Looks finding a good used EV motor would be best? Good price for one used, 40 hp and a above, made in USA AC motor? thanks


----------



## Ivansgarage (Sep 3, 2011)

Wilkes If you are willing to do a lot of work, finding a motor from a motor
shop, cleaning it out, 20 hp would be great, you would be looking at 35-40
hp continuous, 80-100 hp peak. A motor shop would wind one for about 500 bucks, and using the Curtis controller 1238-6501 about a 1000 bucks. Looking for ideas, check out my web page.


----------



## Tesseract (Sep 27, 2008)

Ivansgarage said:


> ...20 hp would be great, you would be looking at 35-40 hp continuous, 80-100 hp peak. A motor shop would wind one for about 500 bucks, and using the Curtis controller 1238-6501 about a 1000 bucks. Looking for ideas, check out my web page.
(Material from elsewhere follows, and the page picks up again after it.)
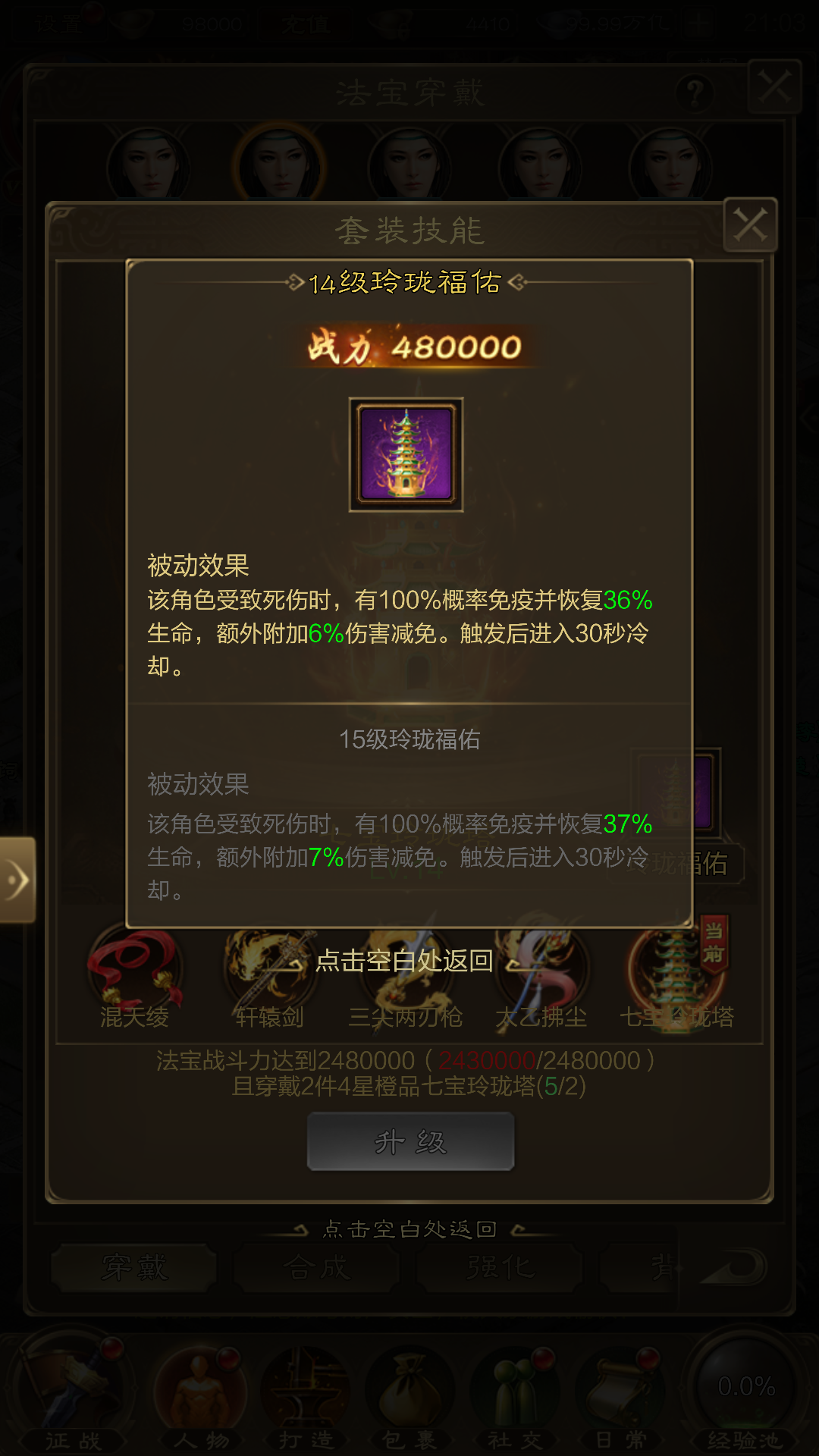 (4)七宝玲珑塔:受到致死伤害,必定免疫死亡并回复生命值,且额外增加一段时间的伤害减免效果

I agree that for the Curtis 1238 controller (which maxes out at about 74kW*) you would want to pick a 20-25kW motor as you can "overpower" the typical ACIM by 3-4x.

But I leave it to the reader to determine whether this is practical advice by looking at the specs for a typical industrial ACIM. For one example, here is link to a Baldor inverter-duty blower-cooled 25hp motor. Note that it weighs 415#... 
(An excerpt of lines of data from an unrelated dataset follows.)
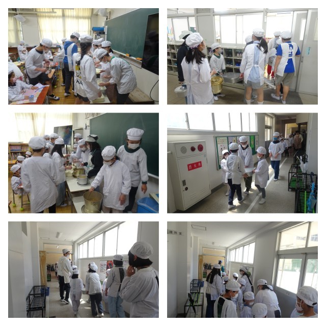 入学した1年生の給食の準備を、いつも6年生が手伝って、お兄さん・お姉さんぶりを発揮しています。いよいよ1年生が給食を運ぶ練習に入りました。ここでも6年生が、優しく寄り添って運び方を教えています。来週からはいよいよ配膳にも挑戦していきます。
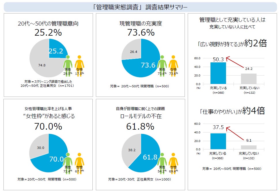 管理職者の充実度、男女ともに7割以上
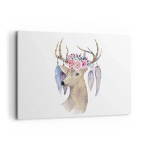 Impression sur toile - Image sur toile - Cerf romantique avec fleurs et plumes - 120x80cm - Guide de l'âme - doux, innocent - Décoration murale moderne pour le salon et la chambre ARTTOR
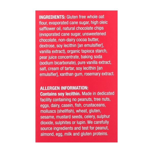 ingredients : gluten free whole oat flour;evaporated cane sugar;high oleic safflower oil;natural chocolate chips;unsweetened chocolate;non-dairy cocoa butter;dextrose;soy lecithin [an emulsifier];vanilla extract;organic tapioca starch;pear juice concentrate;baking soda;sodium bicarbonate;pure vanilla extract;salt;cream of tartar;xanthan gum;rosemary extract

* - according to the "2 minute" rating in the Curtis datasheet... which also says you can't use any old motor with it, anyway, so this is kind of a moot point...


----------



## Ivansgarage (Sep 3, 2011)

Tesseract said:


> I agree that for the Curtis 1238 controller - which maxes out at about 74kW* - you would want to pick, say, a 20-25kW motor as you can "overpower" the typical ACIM by 3-4x.
> 
> But I leave it to the reader to determine whether this is practical advice by looking at the specs for a typical industrial ACIM. For one example, here is link to a Baldor inverter-duty blower-cooled 25hp motor. Note that it weighs 415#...
> 
> ...


Tess thats a castiron monster 25 hp I was talking 20 hp aluminum
like this 210 lbs big difference..
http://ivanbennett.com/ev-motor_20.html


------


----------



## mizlplix (May 1, 2011)

> * - according to the "2 minute" rating in the datasheet... which also says you can't use any old motor with it, anyway, so this is kind of a moot point...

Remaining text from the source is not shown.